# THE DATA:
++++
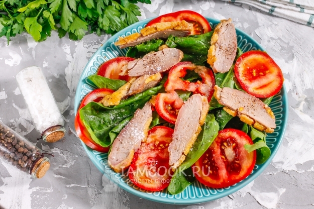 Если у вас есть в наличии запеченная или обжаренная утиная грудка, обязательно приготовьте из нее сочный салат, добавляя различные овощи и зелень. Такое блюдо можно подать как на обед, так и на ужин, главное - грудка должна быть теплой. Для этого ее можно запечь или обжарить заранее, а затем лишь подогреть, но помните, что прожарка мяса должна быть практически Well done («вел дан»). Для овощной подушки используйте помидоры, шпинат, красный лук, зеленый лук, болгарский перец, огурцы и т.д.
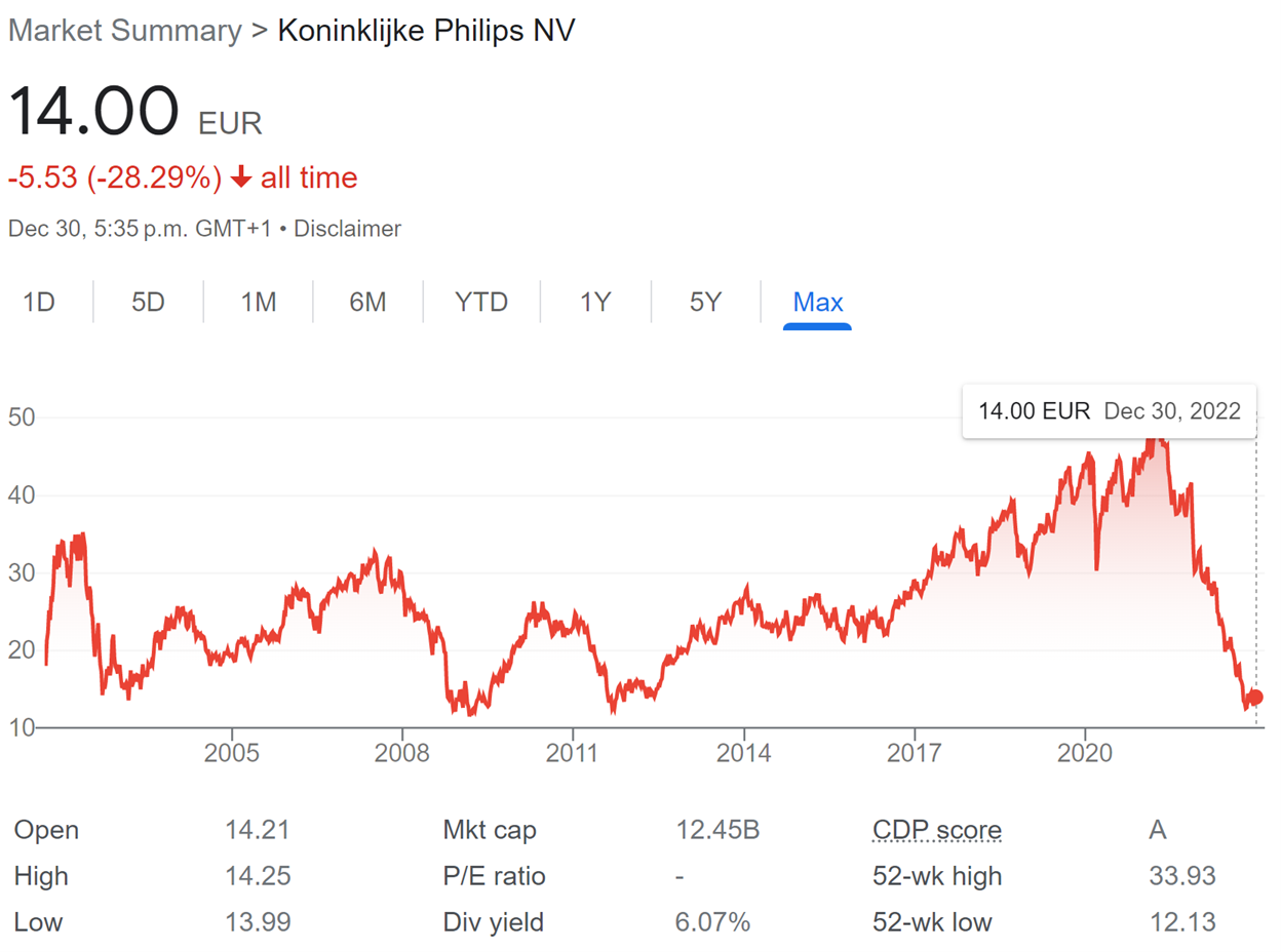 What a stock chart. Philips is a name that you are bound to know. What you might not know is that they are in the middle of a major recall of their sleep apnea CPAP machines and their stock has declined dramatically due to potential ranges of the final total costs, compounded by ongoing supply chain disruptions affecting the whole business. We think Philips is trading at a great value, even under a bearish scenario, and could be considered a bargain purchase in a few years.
++++
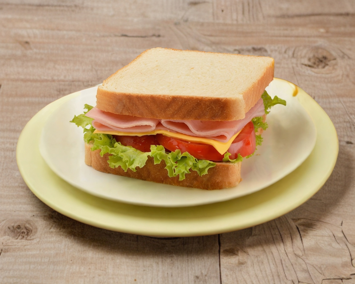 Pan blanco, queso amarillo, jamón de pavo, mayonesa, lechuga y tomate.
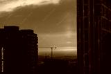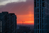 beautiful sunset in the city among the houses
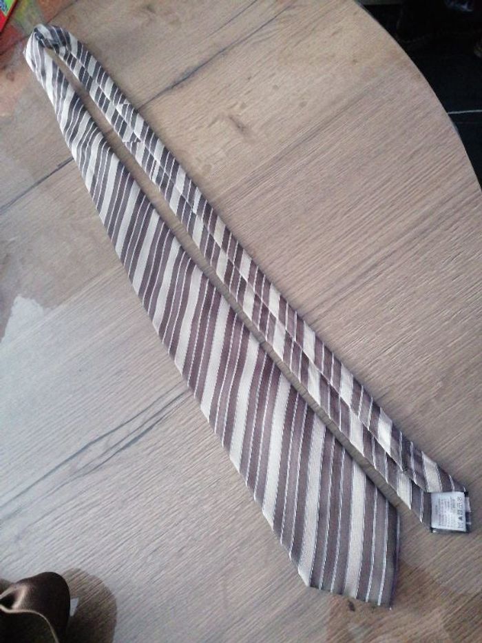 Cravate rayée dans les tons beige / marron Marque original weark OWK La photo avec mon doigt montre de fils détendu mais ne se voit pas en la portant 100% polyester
++++
# ASSIGNMENT:
Reproduce the data above exactly, but only from the line containing "beautiful sunset in" through the line containing "Cravate rayée dans"; skip the pictures.

# SOLUTION TO THE EXERCISE:
 beautiful sunset in the city among the houses
 Cravate rayée dans les tons beige / marron Marque original weark OWK La photo avec mon doigt montre de fils détendu mais ne se voit pas en la portant 100% polyester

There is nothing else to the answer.